Relative draw height ( H/d ) refers to the ratio of the height of the drawn part to its diameter, where H is the draw height and d is the drawn diameter. The greater the relative draw height, the greater the deformation difficulty and the more drawing passes required. For example, for a low-carbon steel cylindrical part, the maximum relative draw height for a single draw is H/d ≈ 1.5 , for a double draw is ≈ 3.0 , for a triple draw is ≈ 4.5 , and for a quadruple draw is ≈ 6.0 . The relative draw height is closely related to the continuous drawing coefficient: the smaller mₙ , the greater the H/d . The required number of draw passes should be determined based on the relative draw height during design. For example, a part with H/d = 5.0 requires four draw passes (with draw coefficients of 0.55 , 0.7 , 0.75 , and 0.8 , respectively , for a total coefficient of 0.55 × 0.7 × 0.75 × 0.8 = 0.231, resulting in an H/d of 6.0, which meets the requirement).

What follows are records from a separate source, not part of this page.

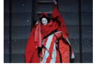
「伊達娘恋緋鹿子 火の見櫓の段」
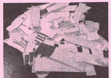
牛乳パック2個を燃料に
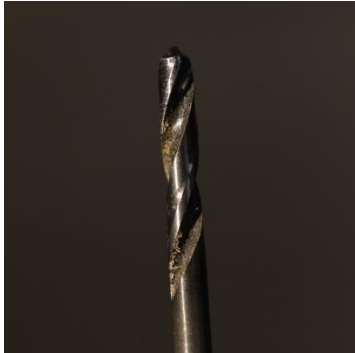
Figuur 1 Gewoon houtboortje. Geschikt om gaten te maken en groeven te trekken bij zacht hout. Hier opgenomen om te kunnen vergelijken.
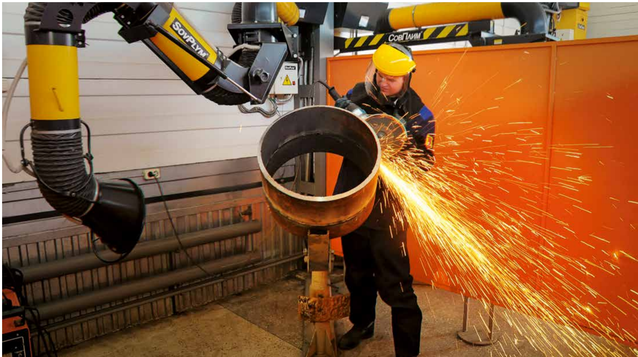
Конкурс сварщиков – одно из самых зрелищных состязаний в профессиональном мастерстве
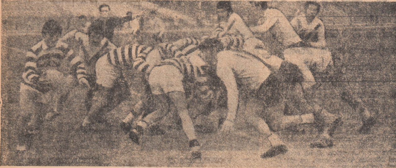
Atac lansat de Sportul studentesc, după o grămadă ordonată, va fi oprit, din nou, de rugbyștii de la Politehnica Iași

Arbitrul R. Chiriac a condus bine următoarele faze:
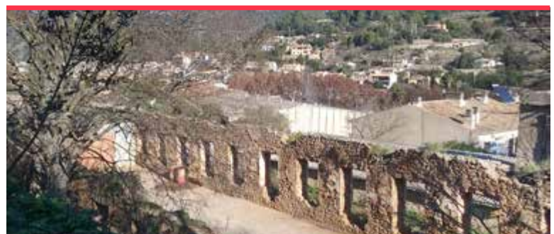
Fàbrica de Can Ribes
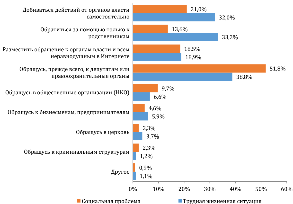
Диаграмма 4. Распределение ответов участников массового опроса на вопрос: «Какой способ Вы считаете наиболее эффективным при необходимости решить социальную проблему, затрагивающую интересы многих граждан (обустройство двора, ремонт дорог и пр.)? А какой способ Вы считаете наиболее эффективным при необходимости донести до органов власти информацию о своей сложной жизненной ситуации либо побудить их к исполнению своих непосредственных обязанностей (до 3-х вариантов ответов)?»

Согласно результатам количественного опроса, обращение к депутатам или в правоохранительные органы – наиболее эффективные, по мнению жителей области, способы информирования представителей власти о сложной жизненной ситуации или социальных проблемах (51,8 % и 38,5 % соответственно). Несколько меньше тех, кто признает результативность самостоятельных действий (21,0 % и 32,0 % соответственно).

The distribution of continuous drawing coefficients must follow the principle of ” gradual increase” The principle of continuous drawing is to minimize the coefficient (maximum deformation) in the first drawing, and gradually increase (decreasing deformation) in subsequent drawing passes. For example, the coefficients for the four drawing passes are assigned as m₁=0.55 , m₂=0.7 , m₃=0.75 , and m₄=0.8 , showing an increasing trend. This distribution fully utilizes the material’s plasticity. The first few drawing passes exploit the material’s superior plasticity for significant deformation, while the subsequent drawing passes reduce deformation due to work hardening, thus preventing fracture. Improper coefficient distribution (e.g., subsequent coefficients are smaller than the previous ones) can lead to excessive material deformation. For example, if m₁=0.6 and m₂=0.55 , the material will be unable to withstand significant deformation during the second drawing due to work hardening, increasing the probability of fracture by over 50% .

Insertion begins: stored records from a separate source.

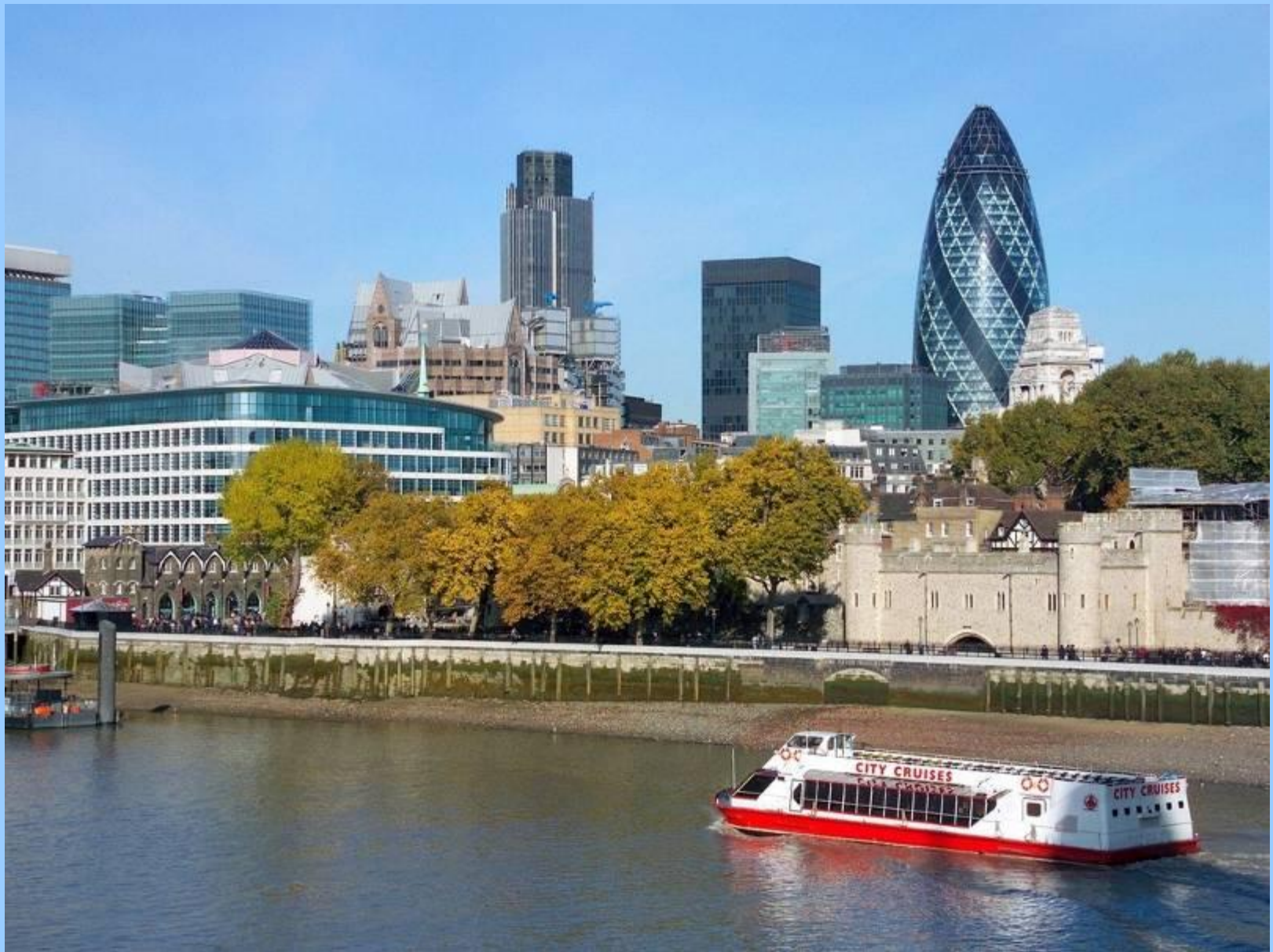
Столица Британии – Лондон.
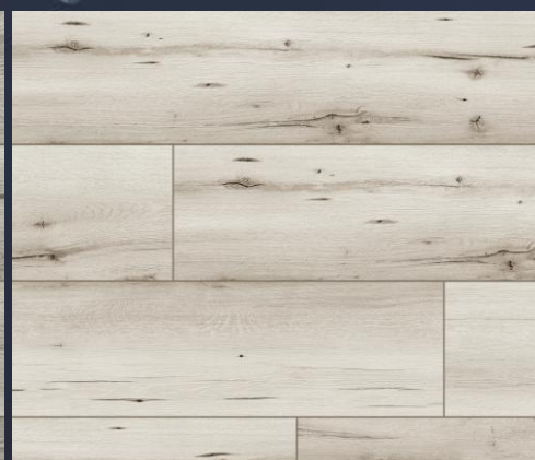
50841 dąb Hers
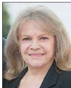
Eva Pilarová, zpěvačka a čestná občanka Prahy 6

Vždy se řídim svým osobním pojetím "konzervatismu" a to mi mj. říká, že by bylo dobré, kdyby to, co radnice Prahy 6 pod vedením ODS dokázala, zůstalo takové, jaké to je. Jsem spokojen zejména s tím, jak se ODS při vedení radnice Prahy 6 stará o moderní historii, což se projevuje např. v jejím vztahu k letcům druhé světové války, péčí o politické vězně z 50. let, ke kterým má trvalý vztah, až po to, že umožňuje existenci muzea bigbítu.

Controlling the relative draw height depends on the material’s mechanical properties. The greater the material’s plasticity, the greater the allowable relative draw height. The relative draw height of low-carbon steel (σb = 300-400 MPa) is 50%-100% greater than that of high-carbon steel (σb = 600-800 MPa). For example, the maximum single-draw ratio H/d for high-carbon steel is approximately 0.8, while that for low-carbon steel can reach 1.5. For materials with good plasticity but lower strength, such as aluminum alloys, the relative draw height is similar to that of low-carbon steel. However, care must be taken to prevent wrinkling, so the blank holder force should be appropriately increased. The relative draw height is also related to material thickness. Thick materials (t > 3 mm) can have a relative draw height 20%-30% greater than thin materials (t < 1 mm) because thicker materials are more resistant to wrinkling and can withstand greater deformation heights.
The matching relationship between the continuous drawing coefficient and relative drawing height is key to ensuring process stability and requires adjustment through trial punching. When the relative drawing height exceeds the maximum allowable value for a given drawing cycle, the number of draws must be increased or the drawing coefficient adjusted. For example, a part with an H/d ratio of 4.0, originally planned for three draws (maximum allowable H/d = 3.5), needs to be increased to four. If significant part thinning (thinning rate > 15%) is observed after a particular draw cycle during trial punching, the drawing coefficient for that cycle should be increased (to reduce deformation) and subsequent drawing coefficients should be adjusted. Finite element simulation software (such as Dynaform) can predict the relative draw height and deformation distribution for different coefficient combinations, optimizing coefficient allocation and reducing the number of trial punches. Properly matching the continuous drawing coefficient and relative drawing height ensures efficient, high-quality continuous drawing production.